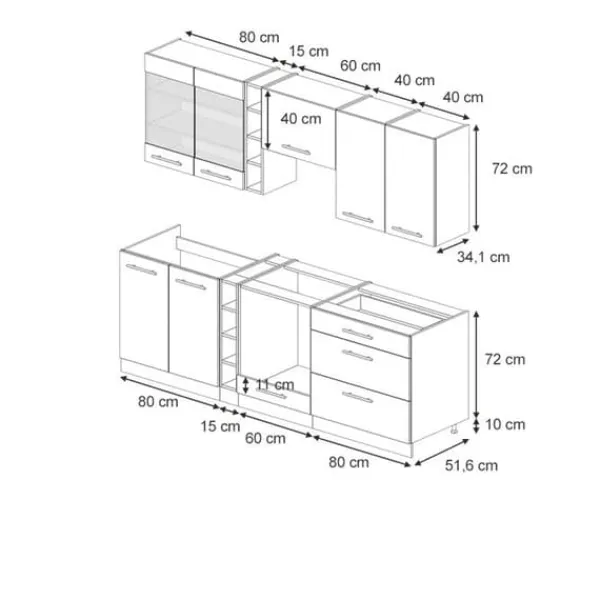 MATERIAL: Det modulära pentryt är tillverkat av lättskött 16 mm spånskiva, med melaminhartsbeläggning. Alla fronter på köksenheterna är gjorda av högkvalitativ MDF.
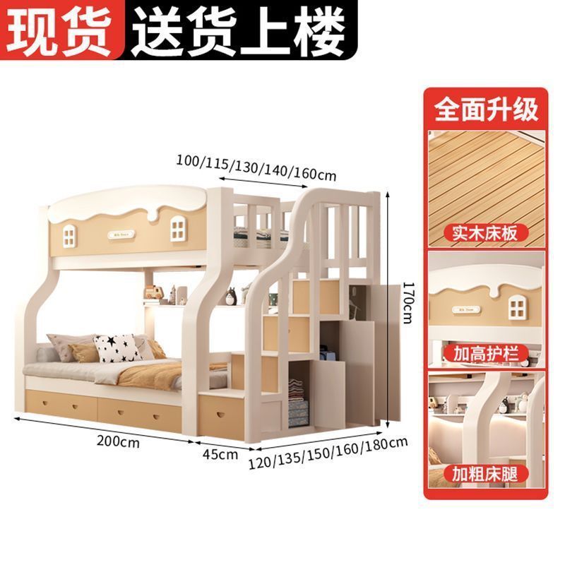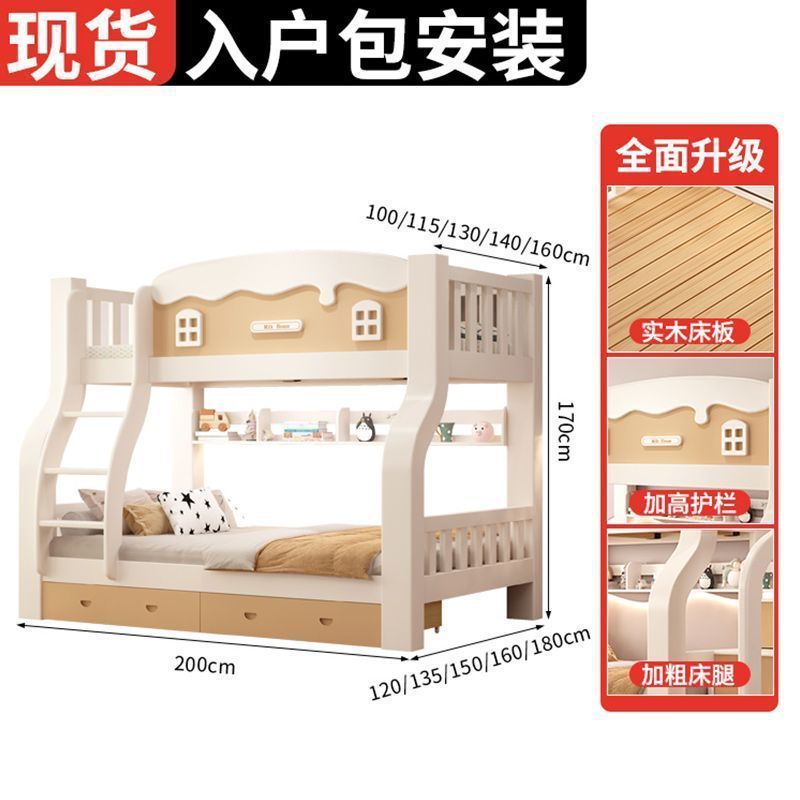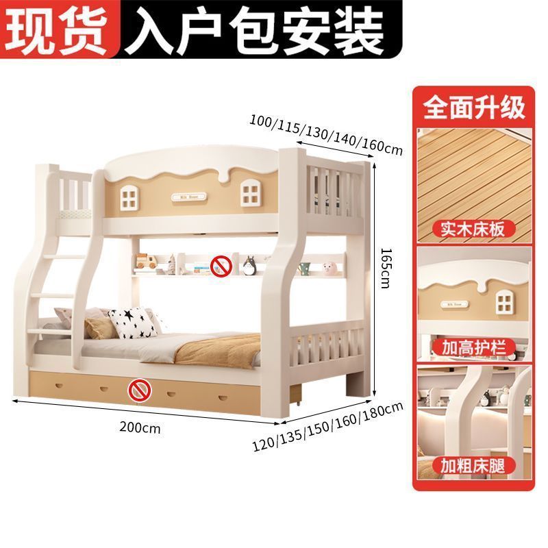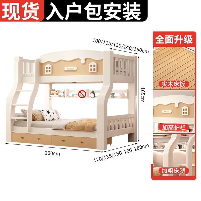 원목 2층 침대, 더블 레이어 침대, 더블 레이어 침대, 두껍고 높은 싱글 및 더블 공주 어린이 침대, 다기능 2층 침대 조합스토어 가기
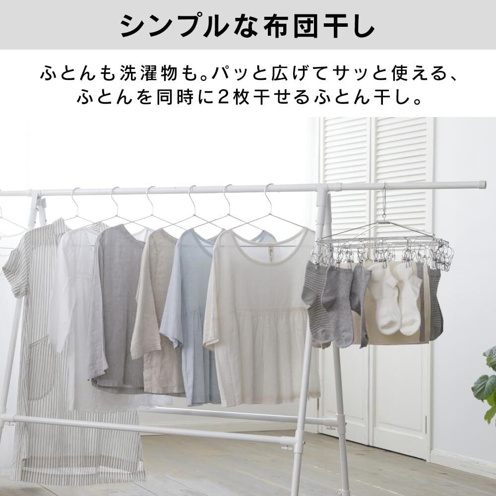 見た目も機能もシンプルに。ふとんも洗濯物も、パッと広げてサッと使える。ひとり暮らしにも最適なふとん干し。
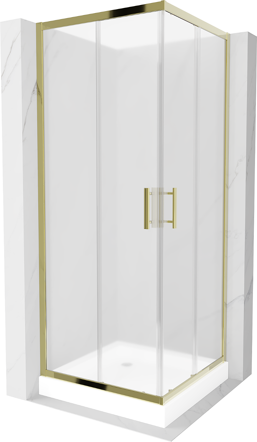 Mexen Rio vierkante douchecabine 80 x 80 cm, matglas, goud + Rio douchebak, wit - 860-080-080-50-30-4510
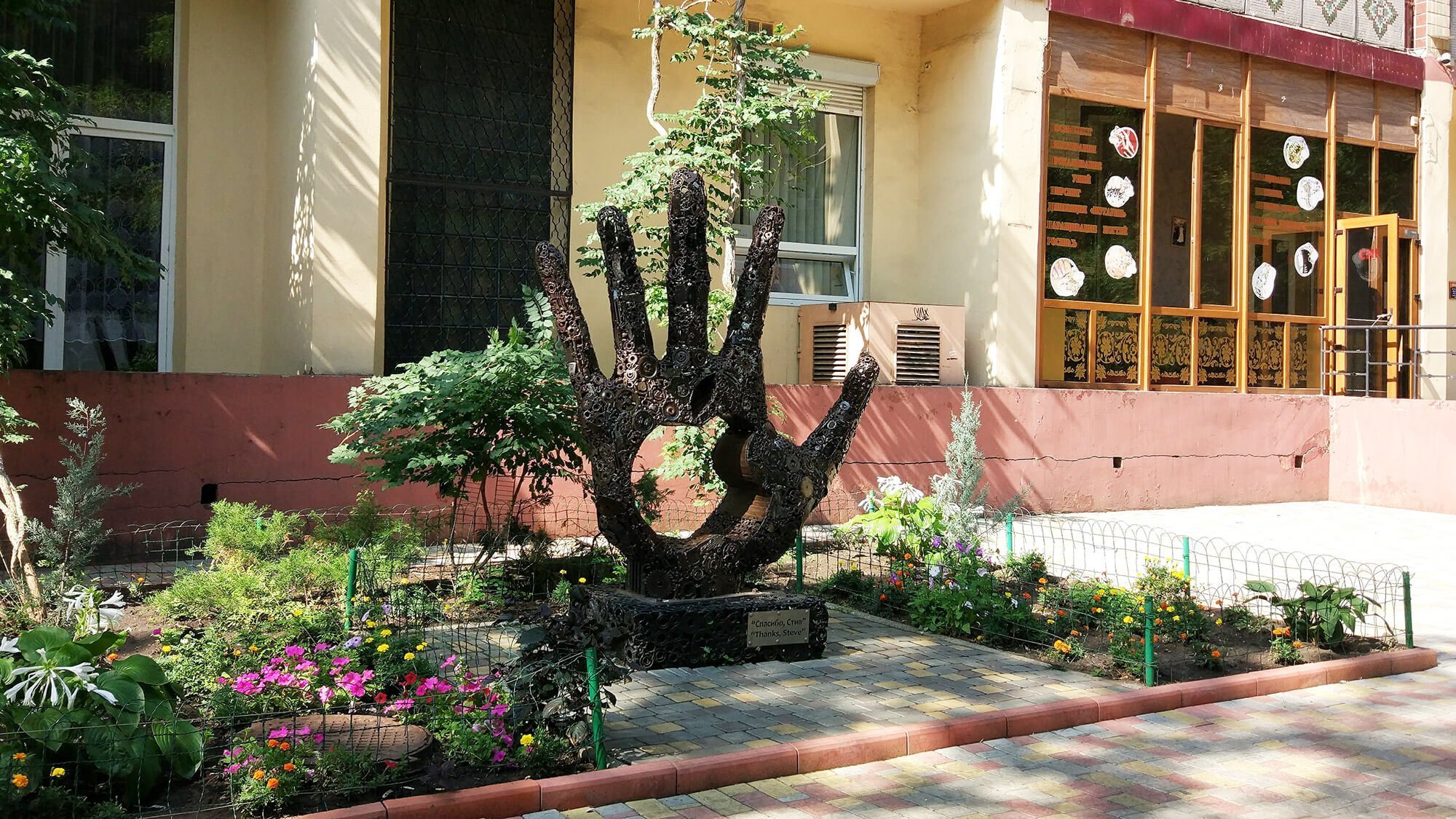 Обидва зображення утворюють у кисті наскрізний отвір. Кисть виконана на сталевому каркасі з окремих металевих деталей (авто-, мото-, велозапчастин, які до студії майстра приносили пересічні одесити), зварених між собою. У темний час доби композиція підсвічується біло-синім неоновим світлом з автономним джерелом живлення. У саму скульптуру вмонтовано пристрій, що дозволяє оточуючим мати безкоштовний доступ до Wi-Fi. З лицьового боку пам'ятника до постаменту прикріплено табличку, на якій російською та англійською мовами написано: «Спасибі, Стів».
==================================================
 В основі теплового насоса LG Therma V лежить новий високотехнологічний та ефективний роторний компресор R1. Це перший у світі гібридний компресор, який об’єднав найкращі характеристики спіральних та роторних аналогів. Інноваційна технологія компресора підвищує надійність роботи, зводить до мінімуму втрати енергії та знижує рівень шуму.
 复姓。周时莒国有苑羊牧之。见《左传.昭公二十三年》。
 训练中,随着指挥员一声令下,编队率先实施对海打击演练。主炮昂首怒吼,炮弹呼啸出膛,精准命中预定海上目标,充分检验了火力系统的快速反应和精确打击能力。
==================================================
• **Exercise instructions**:
In the records above, find the line containing "見た目も機能もシンプルに。ふ" and the line containing "Mexen Rio vierkante", then give both of them again word for word along with every line between. Omit any pictures.

• **Your response**:
 見た目も機能もシンプルに。ふとんも洗濯物も、パッと広げてサッと使える。ひとり暮らしにも最適なふとん干し。
 Mexen Rio vierkante douchecabine 80 x 80 cm, matglas, goud + Rio douchebak, wit - 860-080-080-50-30-4510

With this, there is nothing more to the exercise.